* [Record excerpts]:
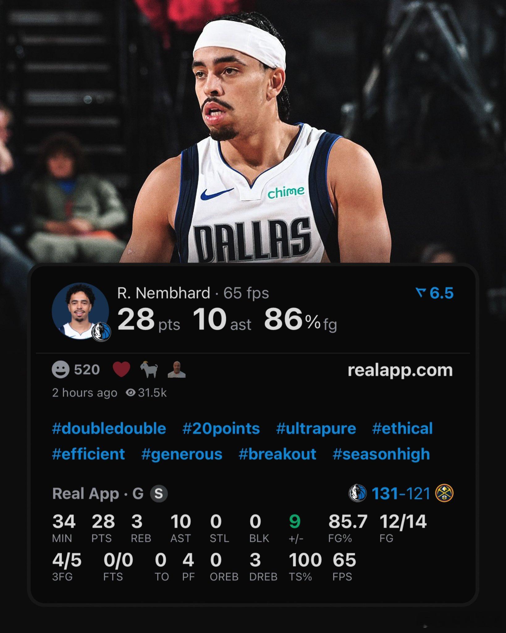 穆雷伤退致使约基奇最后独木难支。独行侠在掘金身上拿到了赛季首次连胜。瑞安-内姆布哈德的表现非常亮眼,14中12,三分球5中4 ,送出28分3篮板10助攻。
--
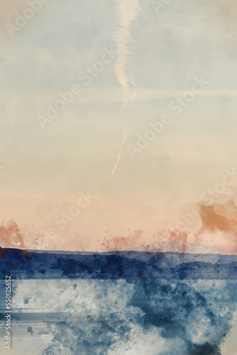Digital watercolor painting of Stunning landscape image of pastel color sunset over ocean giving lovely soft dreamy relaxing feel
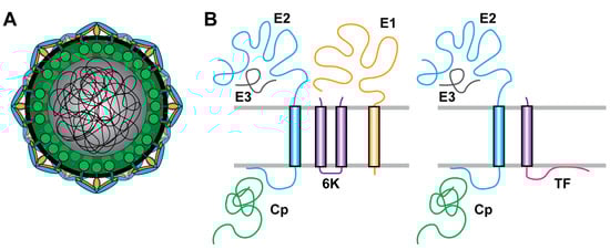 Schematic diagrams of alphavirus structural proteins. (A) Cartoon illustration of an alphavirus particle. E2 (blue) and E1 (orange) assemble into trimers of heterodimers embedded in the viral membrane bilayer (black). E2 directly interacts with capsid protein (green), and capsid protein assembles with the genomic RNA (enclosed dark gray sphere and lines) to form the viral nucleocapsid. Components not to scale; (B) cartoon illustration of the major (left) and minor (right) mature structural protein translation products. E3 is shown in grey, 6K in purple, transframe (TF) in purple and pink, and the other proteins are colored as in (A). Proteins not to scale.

* [What you are asked to do]: Reproduce the lines above beginning at the line that contains "Digital watercolor painting" and ending at the line that contains "Schematic diagrams of". No pictures.

* [Reply to the exercise]:
Digital watercolor painting of Stunning landscape image of pastel color sunset over ocean giving lovely soft dreamy relaxing feel
 Schematic diagrams of alphavirus structural proteins. (A) Cartoon illustration of an alphavirus particle. E2 (blue) and E1 (orange) assemble into trimers of heterodimers embedded in the viral membrane bilayer (black). E2 directly interacts with capsid protein (green), and capsid protein assembles with the genomic RNA (enclosed dark gray sphere and lines) to form the viral nucleocapsid. Components not to scale; (B) cartoon illustration of the major (left) and minor (right) mature structural protein translation products. E3 is shown in grey, 6K in purple, transframe (TF) in purple and pink, and the other proteins are colored as in (A). Proteins not to scale.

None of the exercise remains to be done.